HMRC has confirmed plans to undertake a year-long pilot of Making Tax Digital for ‘hundreds of thousands’ of taxpayers following criticism at the hands of MPs in the Treasury Committee
The tax authority is currently committed to having Making Tax Digital fully operational by 2020, with the pilot scheme to run from April 2017 until April 2018.
The current plan is to start quarterly reporting from April 2018 for landlords and self-employed, with micro businesses next to come online.
Last week, the Treasury Committee criticised HMRC in a 50-page report, which called for a delay to the project’s implementation. The introduction of the entire Making Tax Digital should be pushed back ‘until at least 2019/20, possibly later’, the committee said.
In particular, the committee called for more substantive and wide-ranging pilot schemes, highlighting that while HMRC had undertaken pilots of its own, businesses participating do so at HMRC’s invitation. The committee harbours concerns that such an invitation-only model may undermine the value of information collected as businesses which could be adversely affected are more likely to decline.
Software developers have also been invited to participate in the pilots, by asking their clients to sign up to trials. Again, this is arbitrary and it is difficult to tell how many businesses have actually signed up.

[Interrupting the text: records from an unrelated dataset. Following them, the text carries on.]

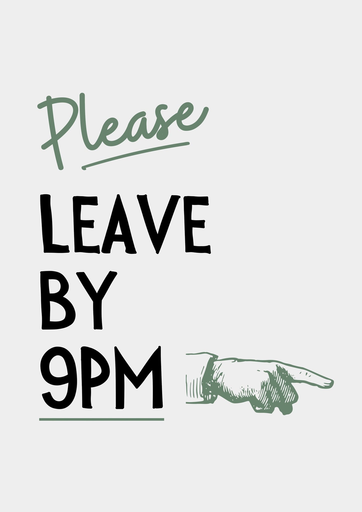This graphic typography poster features a playful quote, "Please Leave by 9PM," in a bold combination of black and green text. The humorous message is complemented by a vintage-style pointing hand illustration. Ideal for adding a touch of wit to any room, this portrait format poster strikes a perfect balance between modern design and classic elements.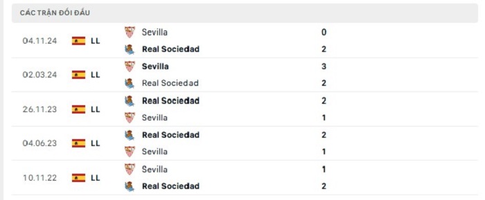 Thực lực giữa Real Sociedad và Sevilla trong quá khứ cũng không có quá nhiều chênh lệch với nhau, Real Sociedad thắng 4, hoà 3 thì cũng có 3 lần phải nếm mùi thất bại trước đối thủ này. Thời gian vừa qua Sevilla đang thể hiện một bộ mặt thi đấu đầy khó chịu của mình khi có tới 5 trận đấu hoà kèo châu Âu trong 10 trận đấu gần nhất của họ trên mọi đấu trường, do vậy mà không loại trừ khả năng chia điểm của hai đội ở lần gặp nhau sắp tới đây của họ.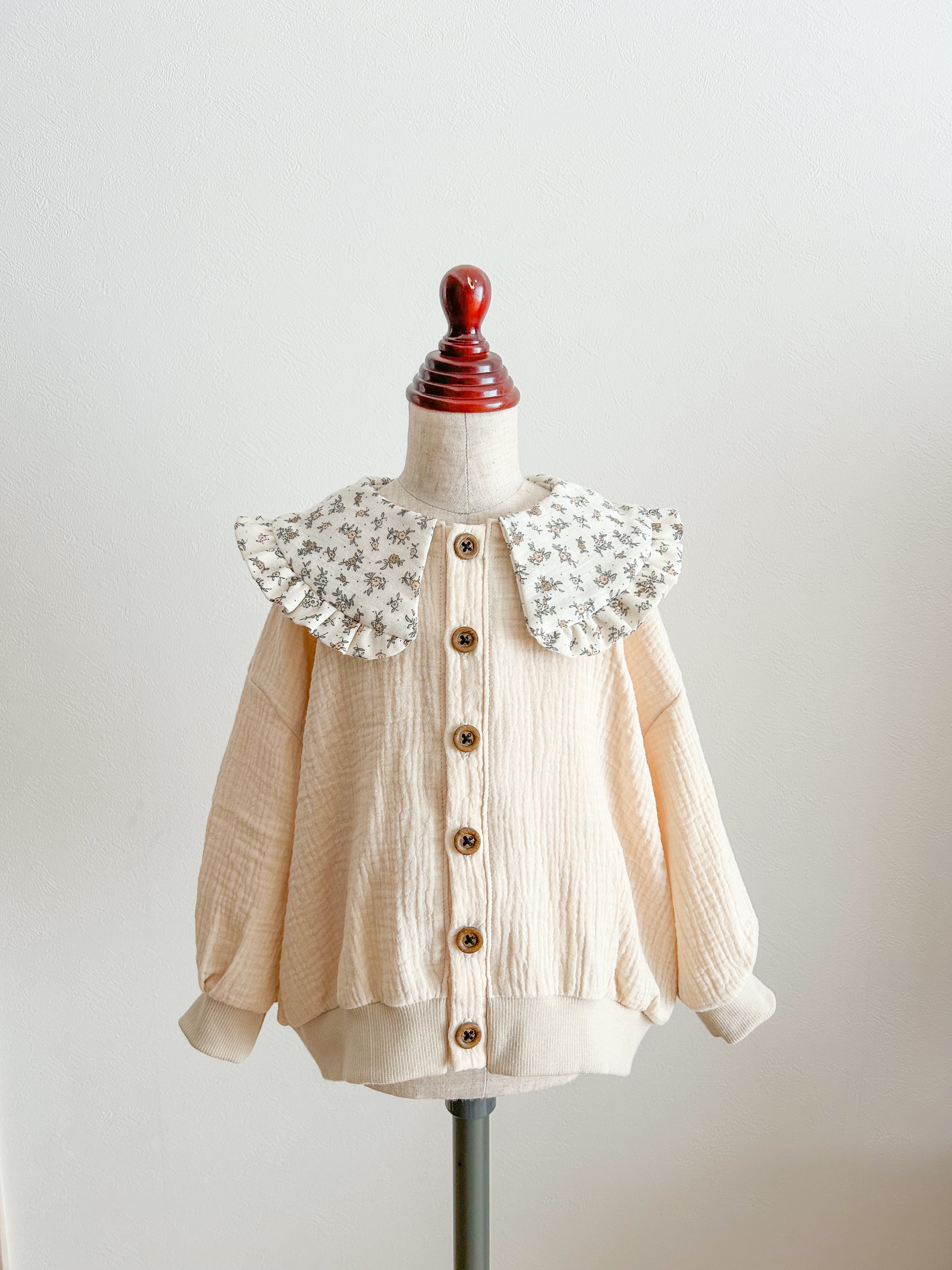 フリル襟がかわいいガーゼ生地のカーディガンです。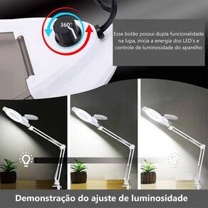 A lupa possui um suporte garra para fixar na mesa. Flexivel para mover em varios angulos, permitindo uma inspeçao detalhada.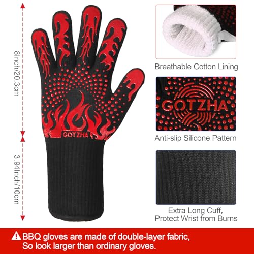 BBQ Gloves for Smoker, 1472℉ Extreme Heat Resistant Gloves, 12 Inch Silicone Non-Slip Grill Gloves with Extra Long Cuff, Safe Oven Gloves for Barbecue, Fryer, Baking, Outdoor Camping (Red)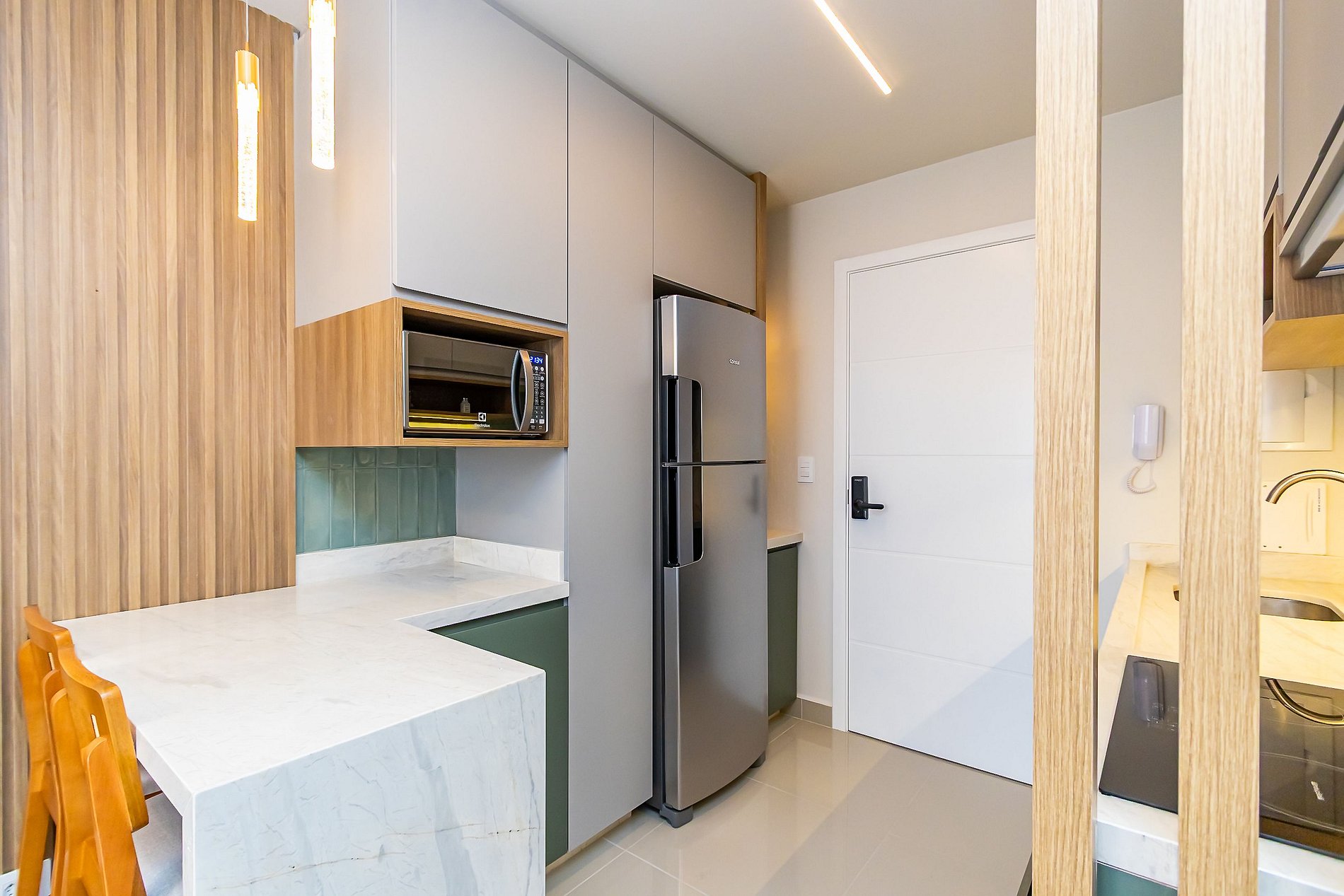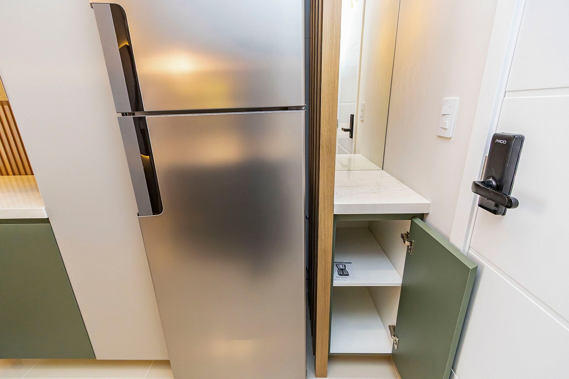 • O apartamento possui fechadura eletrônica, para aparecer o teclado numérico encoste a mão na fechadura, digite a senha e aperte o botão do cadeado aberto;

In the first six months of 2017, testing is scheduled for digital reporting of income from letting property, while participating taxpayers are to report additional sources of income through their digital tax accounts.

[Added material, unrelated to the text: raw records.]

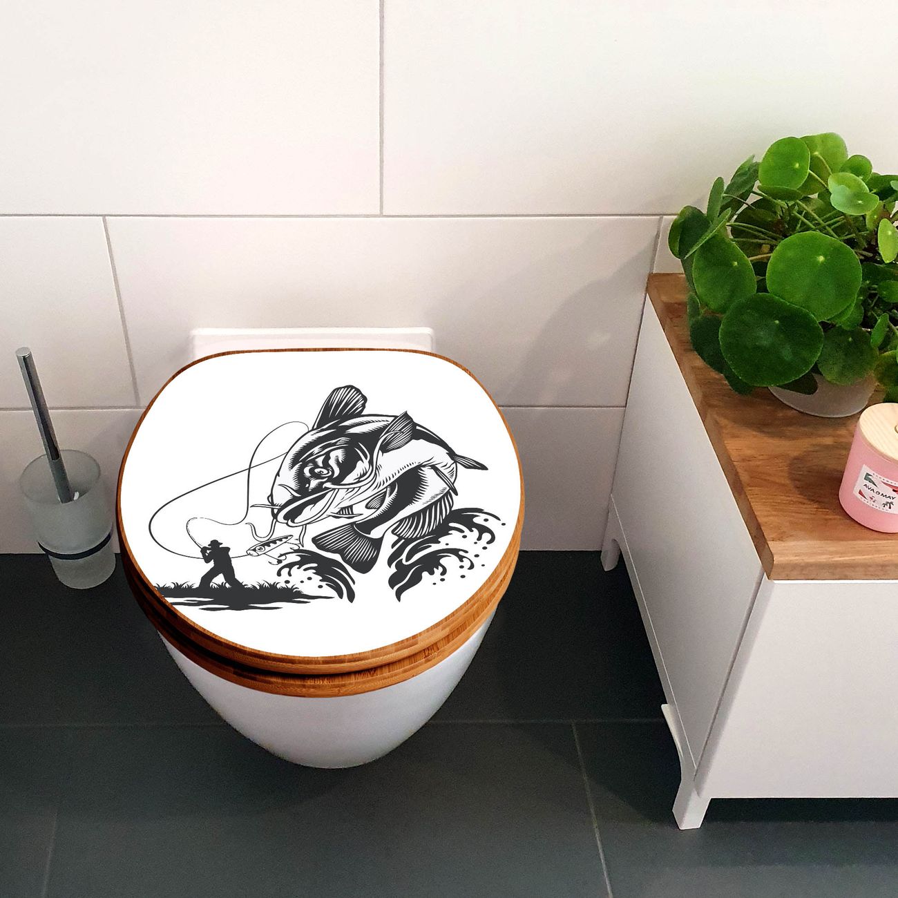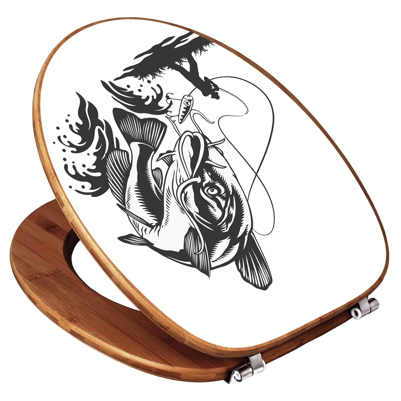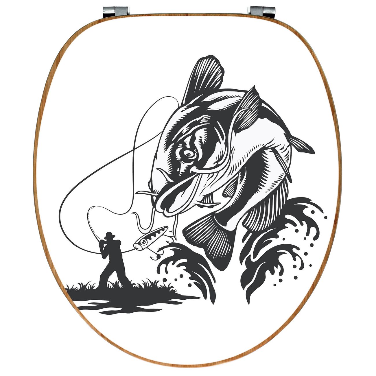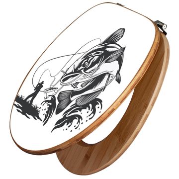Design WC-Sitz Bambus Holz Motiv Fischfang Abenteuer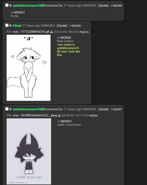 >>3229509>oldfagHe found the site like 6 months ago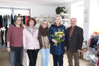 (v.r.) Bürgermeister Ludwig Wayand bedankte sich bei Helga Wachtel für ihr Engagement als Leitung der Kleiderkammer. Auch das Team der Kleiderkammer sagt Danke und freut sich auf viele Besucher an den kommenden Öffnungstagen.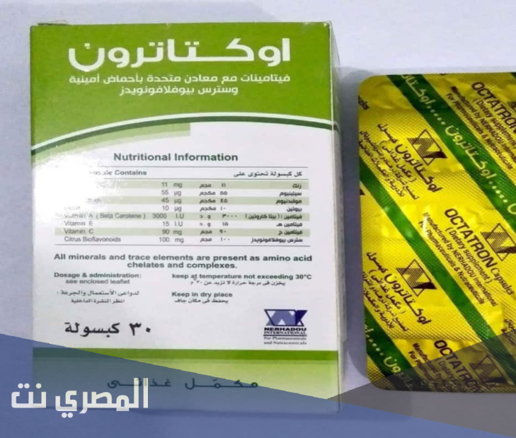 دواء اوكتاترون Octatron دواعي الاستعمال والآثار الجانبية، أوكتاترون كبسول دواء كيميائي يحتوي على العديد من العناصر الغنية بالفيتامينات التي تساعد على إمداد الجسم بالطاقة والحيوية، فإن استخدام أوكتاترون مفيد للضعف الجنسي عند الرجال كما أنه يحتوي على مادة الزنك، التي تعمل على تحسين معدلات الخصوبة وزيادة قوة النشاط الجنسي، وزيادة القدرة على الإنجاب عن طريق تحسين حالة السائل المنوي وتحسين صحة الحيوان المنوي وزيادة سرعته وتقويته في الوصول واختراق البويضة، بالإضافة إلى دوره البارز في إتمام عملية الإخصاب بنجاح.

An HMRC spokesperson said: ‘Many businesses find it hard to get their tax bills right. Making Tax Digital will modernise the tax system, helping them get their tax bills right with the least administrative burden.
‘We’ve consulted business at every step and have already made changes as a result to exempt the smallest businesses and pilot the programme with hundreds of thousands before it is rolled out.
‘We welcome the committee’s support for the digitisation of the tax system, and will consider its recommendations carefully.’